───── Listed records

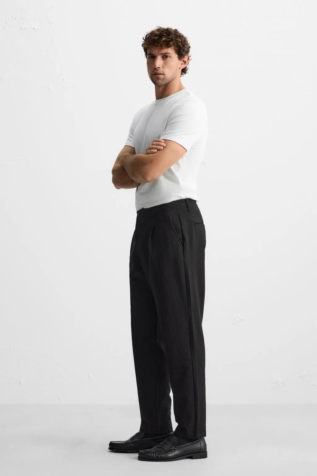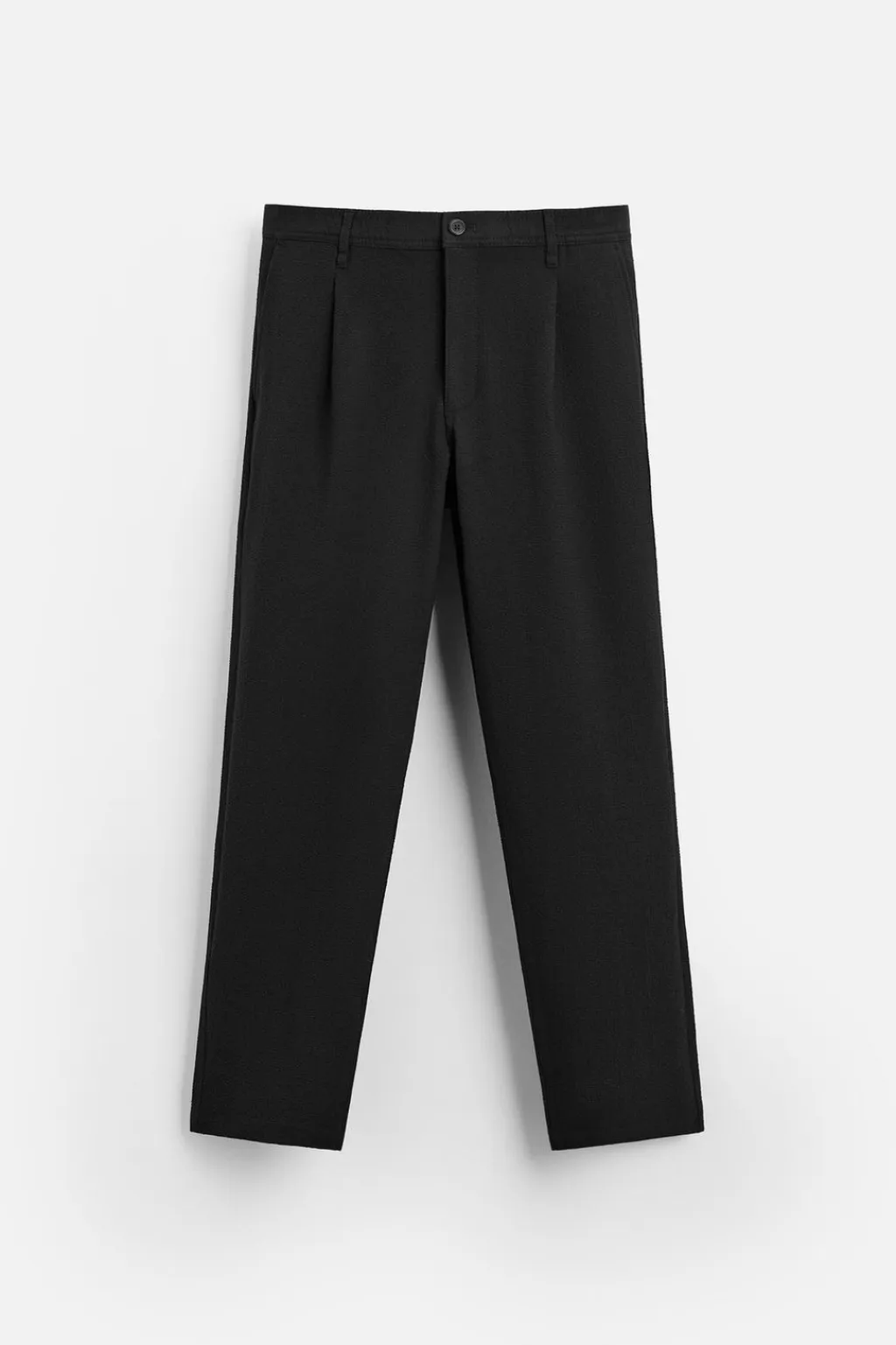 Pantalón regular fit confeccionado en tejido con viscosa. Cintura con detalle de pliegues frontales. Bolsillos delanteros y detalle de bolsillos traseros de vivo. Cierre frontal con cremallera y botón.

──────────
───── Listed records

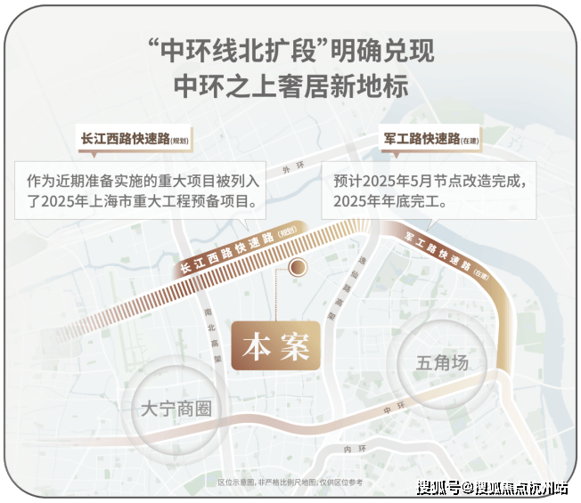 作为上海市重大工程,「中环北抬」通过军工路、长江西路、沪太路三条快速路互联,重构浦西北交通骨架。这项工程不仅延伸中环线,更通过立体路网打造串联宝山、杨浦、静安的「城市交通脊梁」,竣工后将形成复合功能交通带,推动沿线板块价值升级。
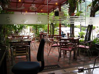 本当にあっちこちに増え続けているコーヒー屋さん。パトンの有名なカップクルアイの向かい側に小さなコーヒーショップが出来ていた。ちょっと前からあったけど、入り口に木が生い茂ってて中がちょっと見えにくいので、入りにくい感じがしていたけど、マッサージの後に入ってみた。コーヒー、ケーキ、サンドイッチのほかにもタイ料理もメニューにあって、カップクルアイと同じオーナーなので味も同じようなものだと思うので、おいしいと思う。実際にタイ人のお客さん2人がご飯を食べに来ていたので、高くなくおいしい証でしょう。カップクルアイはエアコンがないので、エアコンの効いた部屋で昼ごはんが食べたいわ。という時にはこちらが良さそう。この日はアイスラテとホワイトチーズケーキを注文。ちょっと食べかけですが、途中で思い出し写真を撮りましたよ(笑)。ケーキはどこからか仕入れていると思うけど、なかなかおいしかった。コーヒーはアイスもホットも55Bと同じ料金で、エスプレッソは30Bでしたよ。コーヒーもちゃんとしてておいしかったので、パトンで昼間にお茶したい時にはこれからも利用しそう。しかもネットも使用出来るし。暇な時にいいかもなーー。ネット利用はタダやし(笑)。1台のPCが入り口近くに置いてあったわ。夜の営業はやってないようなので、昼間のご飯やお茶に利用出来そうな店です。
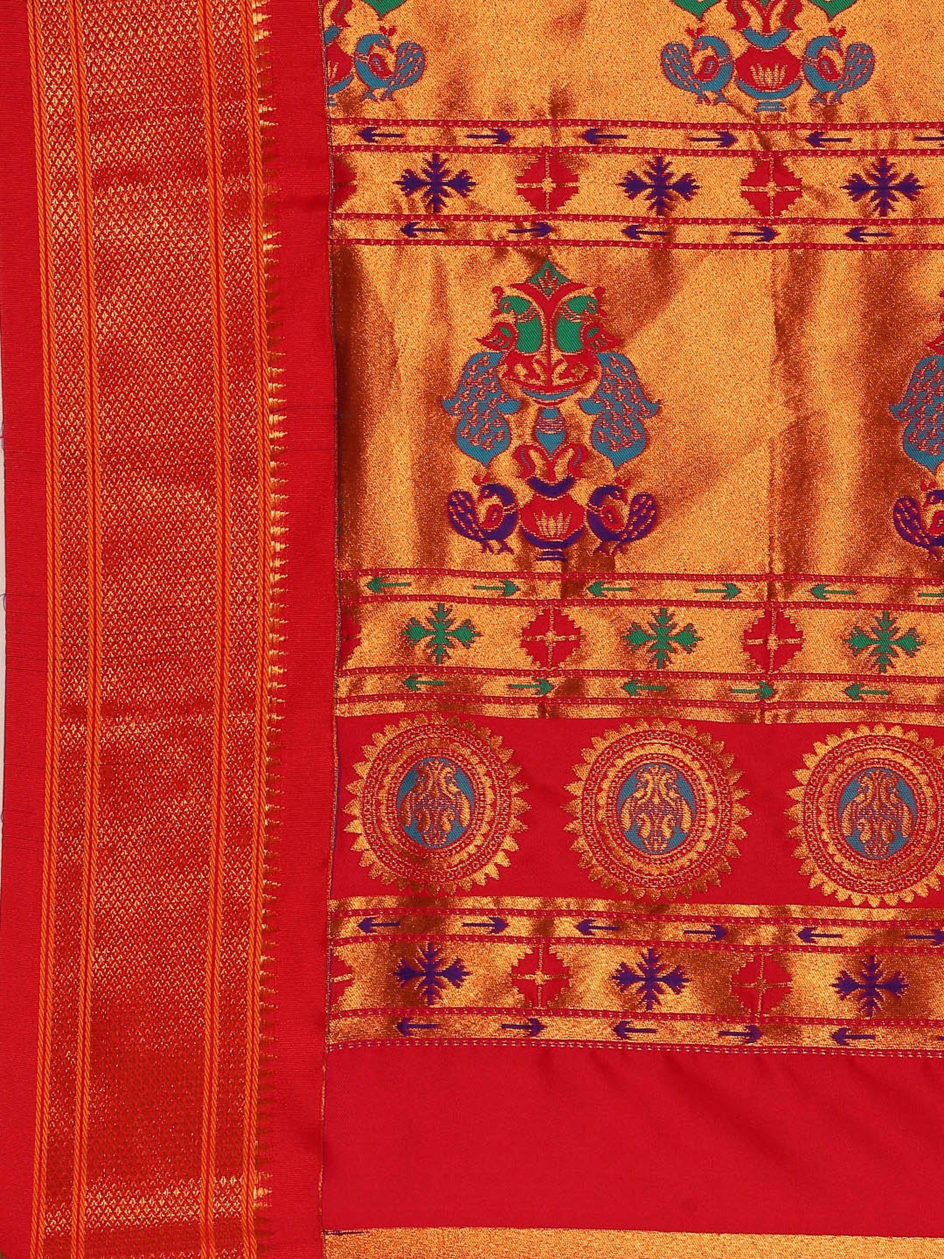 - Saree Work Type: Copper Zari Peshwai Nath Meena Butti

──────────
───── Listed records

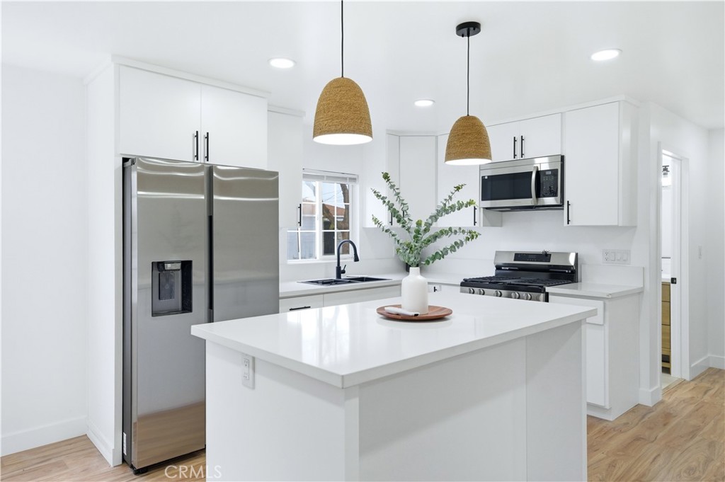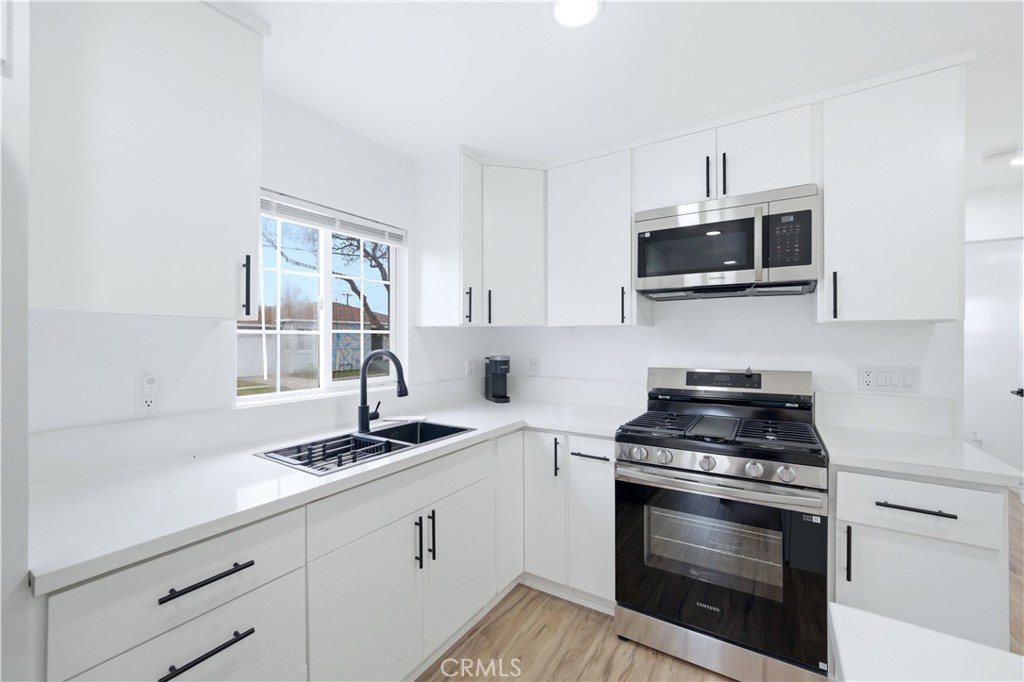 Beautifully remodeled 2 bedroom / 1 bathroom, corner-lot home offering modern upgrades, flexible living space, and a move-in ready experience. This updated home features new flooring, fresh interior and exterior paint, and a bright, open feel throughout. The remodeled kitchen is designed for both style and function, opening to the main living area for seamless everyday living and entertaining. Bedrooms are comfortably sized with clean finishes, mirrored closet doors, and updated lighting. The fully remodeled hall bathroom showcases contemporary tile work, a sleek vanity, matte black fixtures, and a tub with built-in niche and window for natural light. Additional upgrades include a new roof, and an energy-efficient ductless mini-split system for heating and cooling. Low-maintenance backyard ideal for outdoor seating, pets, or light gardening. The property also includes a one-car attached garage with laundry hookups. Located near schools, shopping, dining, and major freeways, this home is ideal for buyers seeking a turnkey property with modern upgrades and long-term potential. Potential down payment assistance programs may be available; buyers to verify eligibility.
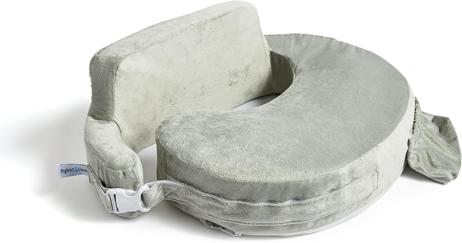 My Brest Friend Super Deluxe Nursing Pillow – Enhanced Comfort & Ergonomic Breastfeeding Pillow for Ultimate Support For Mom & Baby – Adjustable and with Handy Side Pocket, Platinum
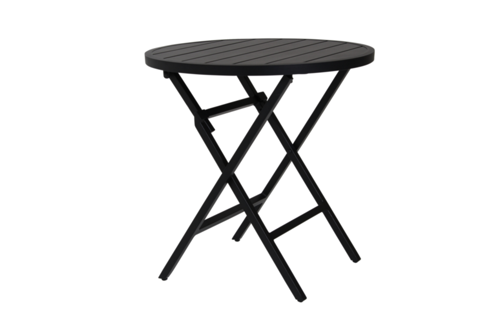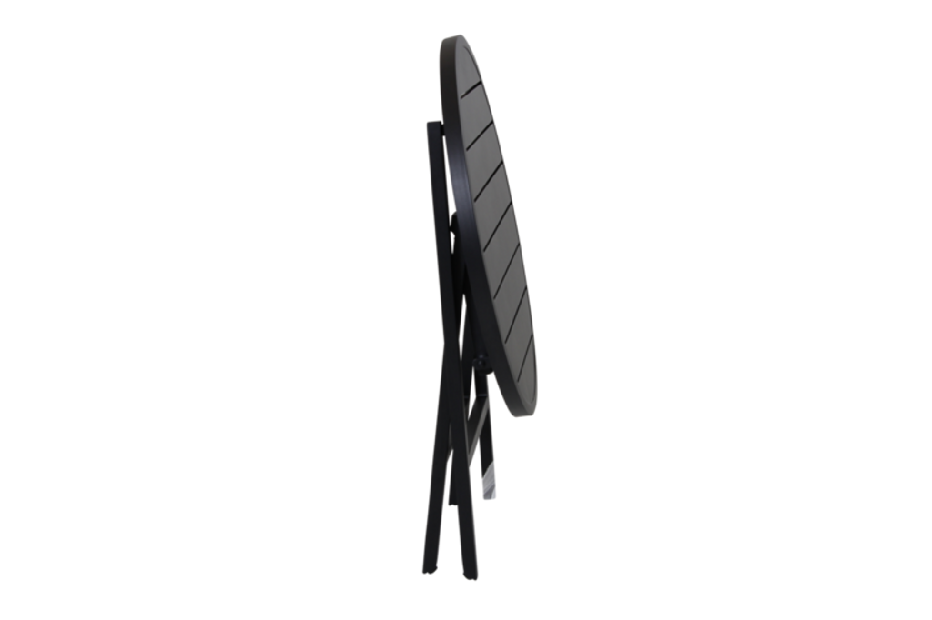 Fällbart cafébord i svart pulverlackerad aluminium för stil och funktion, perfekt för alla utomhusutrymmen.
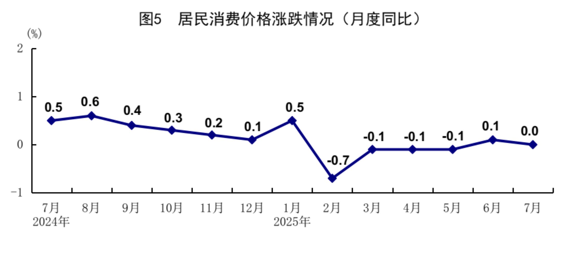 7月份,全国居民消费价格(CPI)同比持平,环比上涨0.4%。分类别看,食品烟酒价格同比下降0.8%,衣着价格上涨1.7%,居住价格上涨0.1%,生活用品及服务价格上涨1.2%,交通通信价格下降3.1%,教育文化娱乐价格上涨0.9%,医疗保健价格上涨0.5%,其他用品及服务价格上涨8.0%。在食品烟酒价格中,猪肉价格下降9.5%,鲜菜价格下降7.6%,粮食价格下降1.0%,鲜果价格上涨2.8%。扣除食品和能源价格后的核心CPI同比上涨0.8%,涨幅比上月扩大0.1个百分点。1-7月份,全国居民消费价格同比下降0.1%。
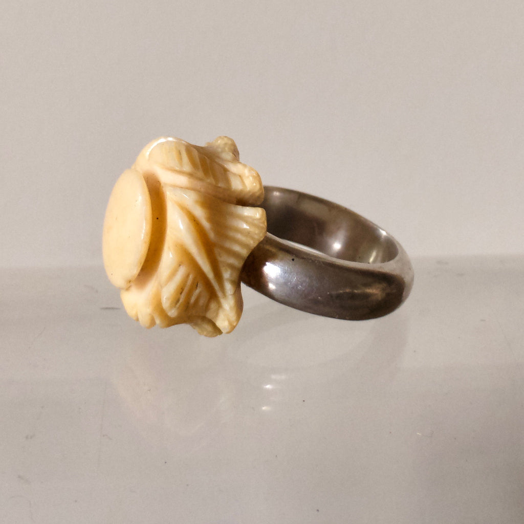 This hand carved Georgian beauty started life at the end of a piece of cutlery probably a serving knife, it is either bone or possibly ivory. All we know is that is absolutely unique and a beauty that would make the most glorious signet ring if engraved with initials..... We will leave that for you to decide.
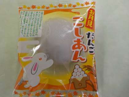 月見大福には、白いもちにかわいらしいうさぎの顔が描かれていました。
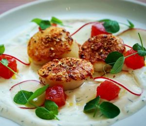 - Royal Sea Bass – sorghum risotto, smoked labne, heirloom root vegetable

──────────

(Task details):
In the listing above, find the line containing "本当にあっちこちに増え続けて" and the line containing "- Saree Work", then return both of them and every line between, exactly, without pictures.

(Your response):
 本当にあっちこちに増え続けているコーヒー屋さん。パトンの有名なカップクルアイの向かい側に小さなコーヒーショップが出来ていた。ちょっと前からあったけど、入り口に木が生い茂ってて中がちょっと見えにくいので、入りにくい感じがしていたけど、マッサージの後に入ってみた。コーヒー、ケーキ、サンドイッチのほかにもタイ料理もメニューにあって、カップクルアイと同じオーナーなので味も同じようなものだと思うので、おいしいと思う。実際にタイ人のお客さん2人がご飯を食べに来ていたので、高くなくおいしい証でしょう。カップクルアイはエアコンがないので、エアコンの効いた部屋で昼ごはんが食べたいわ。という時にはこちらが良さそう。この日はアイスラテとホワイトチーズケーキを注文。ちょっと食べかけですが、途中で思い出し写真を撮りましたよ(笑)。ケーキはどこからか仕入れていると思うけど、なかなかおいしかった。コーヒーはアイスもホットも55Bと同じ料金で、エスプレッソは30Bでしたよ。コーヒーもちゃんとしてておいしかったので、パトンで昼間にお茶したい時にはこれからも利用しそう。しかもネットも使用出来るし。暇な時にいいかもなーー。ネット利用はタダやし(笑)。1台のPCが入り口近くに置いてあったわ。夜の営業はやってないようなので、昼間のご飯やお茶に利用出来そうな店です。
 - Saree Work Type: Copper Zari Peshwai Nath Meena Butti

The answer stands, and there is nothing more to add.